# Cracked bathroom sink in 2006 Hymer B544



## samsung (Jan 24, 2009)

Whilst at Moreton Camping and Caravan site I noticed a wet floor beneath the bathroom sink after washing. I checked the waste pipe etc and then noticed a small crack around where the waste pipe is located into the sink. Is this a common fault? I have the van booked into Hymer UK in October for a Habitation service and vehicle service so will bring this to their attention, The van has an extended warranty so hopefully this should be covered. Has anyone had similar problems ?>
Thanks
Samsung :lol: 
The habitation and vehicle service was carried out at Hymer UK and the service was very good.
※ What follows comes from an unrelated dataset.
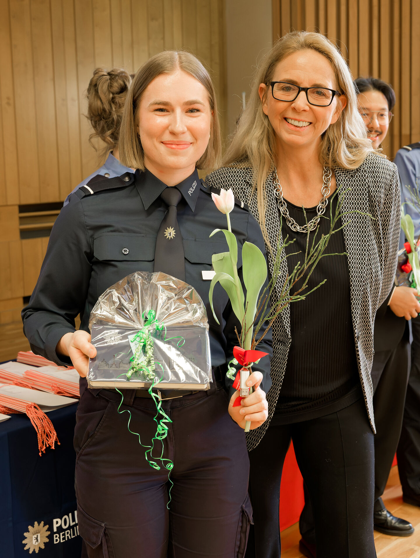 171 frisch ausgebildete Schutz- und Kriminalkommissarinnen und -kommissare sowie 13 Oberkommissar*innen mit Spezialisierung auf Wirtschafts- und Cyberkriminalität treten ihren Dienst bei der Polizei Berlin an. In ihrer Abschlussrede – ihrer „Lagemeldung“ – blickten die Absolventinnen auf drei intensive Jahre zurück: Das Studium sei fachlich, körperlich und persönlich herausfordernd gewesen. Sie hätten gelernt, dranzubleiben und durchzuhalten – „und wir haben es geschafft!“ Der Umgang mit Druck und Unsicherheit habe sie geprägt und seien sie als Jahrgang eng zusammengewachsen. Nun beginne ein Berufsleben, „in dem wir etwas leisten, was Bedeutung hat.“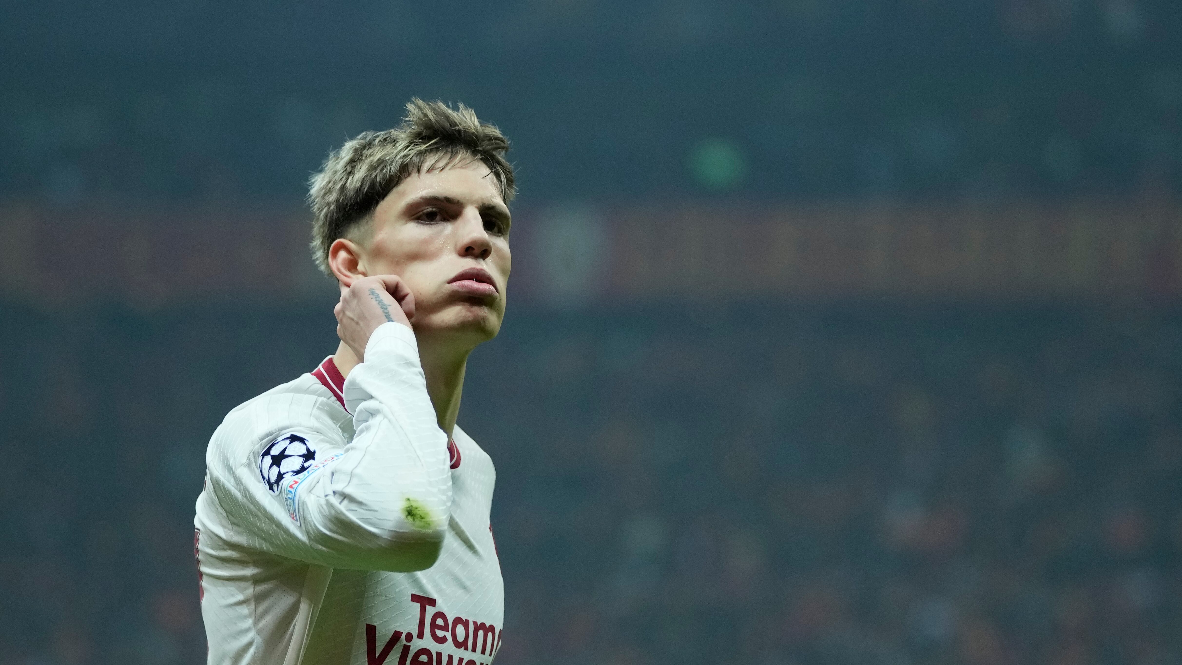 Alejandro Garnacho celebra tras anotar el primer gol del Manchester United en el partido contra Galatasaray en la Liga de Campeones, el miércoles 29 de noviembre de 2023, en Estambul. (AP Foto/Francisco Seco) AP (Francisco Seco/AP)

The sink is to be replaced under the extended warranty. I know people have had problems in the past but I can't fault the way Hymer have performed.


----------



## 94055 (May 1, 2005)

samsung said:


> Whilst at Moreton Camping and Caravan site I noticed a wet floor beneath the bathroom sink after washing. I checked the waste pipe etc and then noticed a small crack around where the waste pipe is located into the sink. Is this a common fault? I have the van booked into Hymer UK in October for a Habitation service and vehicle service so will bring this to their attention, The van has an extended warranty so hopefully this should be covered. Has anyone had similar problems ?>
> Thanks
> Samsung


Not a crack in sink but to change the sink you would still face the same problem. So if sink needs replacing you would have to choose smash or knife.

See

>>HERE<<


----------



## fdhadi (May 9, 2005)

Is your sink plastic or steel?

We have a pin hole in one of the sinks which is steel. Can this be repaired????


----------



## JohnsCrossMotorHomes (Jul 21, 2007)

fdhadi said:


> Is your sink plastic or steel?
> 
> We have a pin hole in one of the sinks which is steel. Can this be repaired????


Rough the surface up underneath and put a glass fibre patch over it underneath.

Peter


----------



## fdhadi (May 9, 2005)

Thanks Peter :wink:


----------